How Bilibili’s ChangePilot Platform Reduces Production Risk with Structured Change Management

As enterprises grow and systems become more complex, production stability increasingly depends on rigorous change management; Google SRE reports that up to 70% of incidents stem from changes. The article introduces Bilibili’s change control platform, ChangePilot, by first defining change, its lifecycle, and the challenges of traditional ITIL‑style processes in cloud‑native, micro‑service environments.

Background and Problem

Current change practices focus on pre‑change reviews and post‑change records, lacking control over the execution phase. This leads to issues such as reliance on human experience, limited review capacity, inability to enforce execution policies, fragmented change definitions across platforms, and insufficient data for root‑cause analysis.

Defining Change

Change is any action that affects a service’s runtime state, causing a transition from a stable to an unstable state. The lifecycle includes initiation, execution (often in batches or traffic‑based rollouts), and verification.

Technical Framework

The authors treat change as an independent technical domain, creating a unified change information model with two parts: basic information (type, object, environment, time, personnel) and control information (purpose, scenario, scope, impact). This model supports multiple platforms (applications, databases, servers) and enables standardized APIs for change ingestion, perception, control, and analysis.

Control Levels (G0‑G4)

Based on the AlterShield taxonomy, five control levels are defined:

G0 – Event sync only, no control.

G1 – Single‑node pre‑ and post‑checks.

G2 – Full change ticket with batch control.

G3 – Adds pre‑ticket submission checks for non‑technical users.

G4 – Introduces unattended decision making for automated execution.

Each level specifies the number of change nodes, lifecycle stages, and suitable scenarios.

ChangePilot Architecture

The platform provides:

Standardized change ingestion via the unified model.

Broad change perception covering servers, networks, databases, middleware, and business data.

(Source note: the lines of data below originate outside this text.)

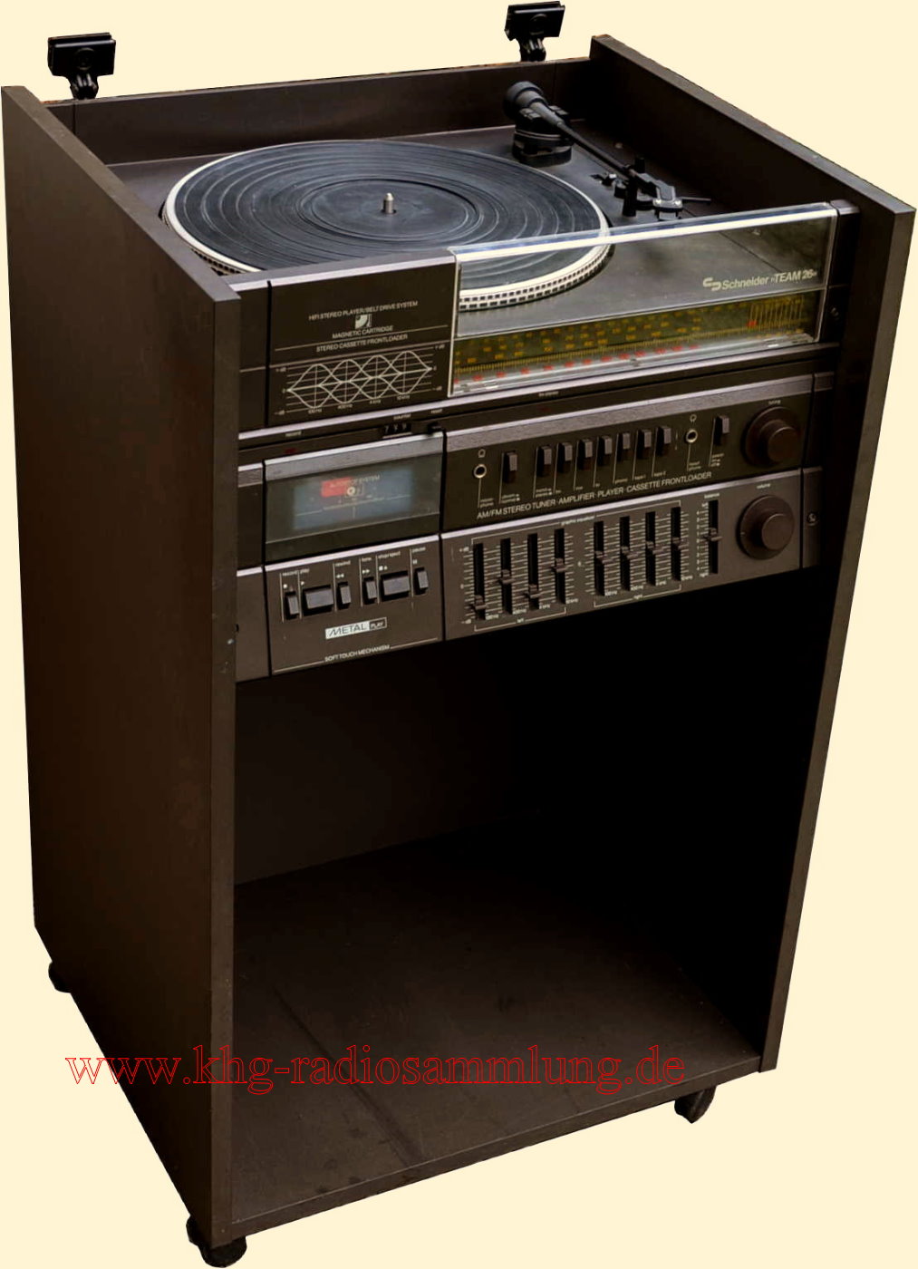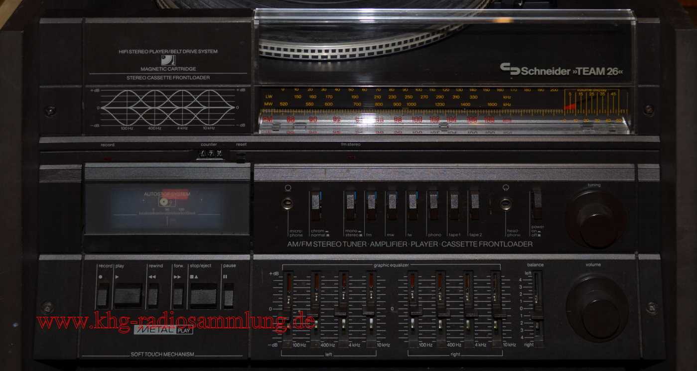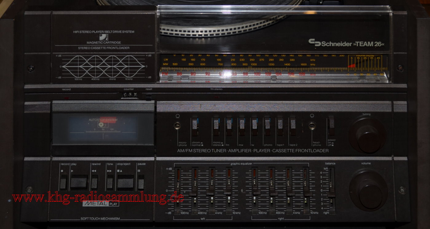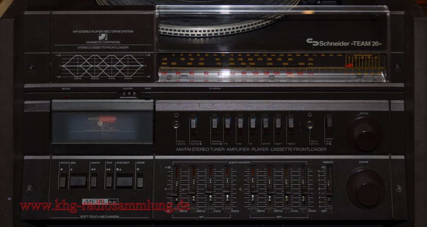 Components: Schneider AM/FM Stereotuner, Amplifier and Graphic Equalizer R260, Stereo Cassette Frontloader FLS 138, Hifi Stereo Player, Belt Drive System SBD 65
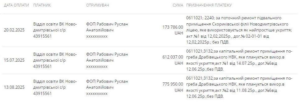 Примітка: Перша платіжка доводить те, що підрядник Рабович регулярно та "плідно" співпрацює з Відділом освіти Новодмитрівської ОТГ, а інші дві, то суми, які вони вже перерахували на його рахунки за погріб у Драбівцях.
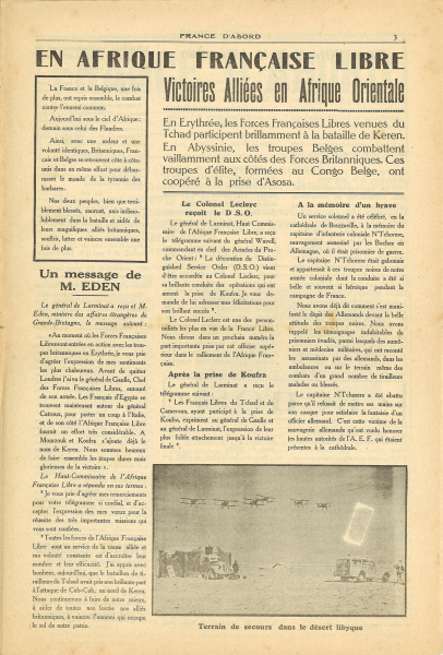 Le samedi 29 mars 1941, « France d’abord », bimensuel diffusé à Brazzaville, fit paraitre dans son n°5, page 3, sous le titre “A la mémoire d’un brave” celle du capitaine N’Tchoréré, un compte rendu du service religieux célébré en la cathédrale de Brazzaville, en présence des “hautes autorités de l’AEF”.

Risk‑based control using the defined levels and configurable defense items.

Change analytics, including association analysis using trace and CMDB topology.

Subscription mechanisms (IM, webhook, MQ) for downstream consumers.

Key interfaces include ChangeScene (defining a change scenario) and ChangeControl (methods InitChange, StartChangeStep, EndChangeStep, FinishChange) that platforms call at each node.

Implementation Details

Examples of Go structs illustrate the scene definition and control interface. The platform enforces checks such as pre‑flight validation, batch pre/post verification, and final integrity checks. Built‑in checks include change policy validation, SLO monitoring, and third‑party extensions via a Navigation interface.

Practical Adoption

ChangePilot is applied to Bilibili’s application releases (container and physical machine) and business gateway configuration changes, both using the G2 level. An SDK is planned to simplify integration, reducing the current intrusive API calls.

Operational Reflections

The authors discuss the trade‑off between risk reduction and efficiency, noting the need for emergency escape routes. Two exemption mechanisms are described: a short‑term “green channel” for rapid mitigation and a longer‑term whitelist requiring approval.

Future Directions

Plans include expanding coverage, adding more precise and intelligent checks (time‑series anomaly detection, log similarity analysis), and exploring LLM‑based change perception and analysis.

Overall, the article provides a comprehensive guide to designing, implementing, and operating a unified change management platform for large‑scale, cloud‑native services.